Но тут, – вдруг, – заупрямился шофер.

«– Если свяжете ему руки, – сказал он, – не повезу вас дальше! Что хотите со мной делайте!»

Трудно определить теперь, была ли эта история чистым розыгрышем? Я не жил в то время, но, судя по понятиям современных начальников и бандитов, это вполне похоже на интригу. Нравы, в тех местах, судя по всему, немногим изменились. Я сам попадал там, в бандитские 90 -е, в похожие обстоятельства. Для этого местный пахан, нанимал бандитов, которые стреляли дробью «как бы в шутку», – но холуи, от вседозволенности и безнаказанности, легко переходят всякие грани.

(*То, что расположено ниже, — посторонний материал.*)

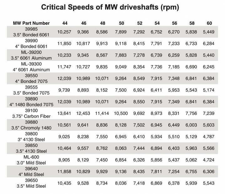 MW Masterline Aluminum Driveshafts are built from 6061 aluminum and welded. Each driveshaft is custom built to length an specifications. These driveshafts are precision built, assembled, and balanced using in house machined components.

Как всегда, в подобные мгновения, время превращается у вечность. Заготовитель по-прежнему переваливался с носка на пятки, с интересом рассматривая плененного Егоршина. Он искал на его лице страх. Палачи любят наблюдать человеческий страх. Эти психопаты питаются энергетикой чистого страха, и, за этим, готовы отправиться за много километров. Охота на людей, в крови у советских (и постсоветских) начальников. Здесь: и лишняя порция адреналина в крови, и авторитет, и помощь «хорошему» «нужному» человеку. Который, в нужную минуту, выручит и его, когда представиться такая же возможность. Те, кто приехали вместе с заготовителем, не были, обязательно, на передовой. Это могли быть охранники лагерей. Которые убивали, получая от вида смерти, наслаждение.

Егоршина не связывали. А, вытащив его за ноги, на середину моста, бросили в ледяную купель…

– Течением меня затянуло под мост, – вспоминает Егоршин. – Я схватился за толстую поперечину, которой были скреплены все четыре пали забитые в дно, и вылез на нее… «– Вы от меня далеко не уедете! – Кричал Егоршин из-под моста. – Я номера, вашей машины, запомнив! »

Кричал, похоже, находясь в состоянии аффекта. Посовещавшись на берегу, преступная компания вернулись обратно. Похоже, что они чего-то испугались: и от шуток, решили перейти к делу. А поскольку Егоршин находился под мостом, где его не так-то просто было достать, – они, оторвав шлагбаум, начали заводить его одним концом под мост, чтоб сбить Егоршина с поперечины.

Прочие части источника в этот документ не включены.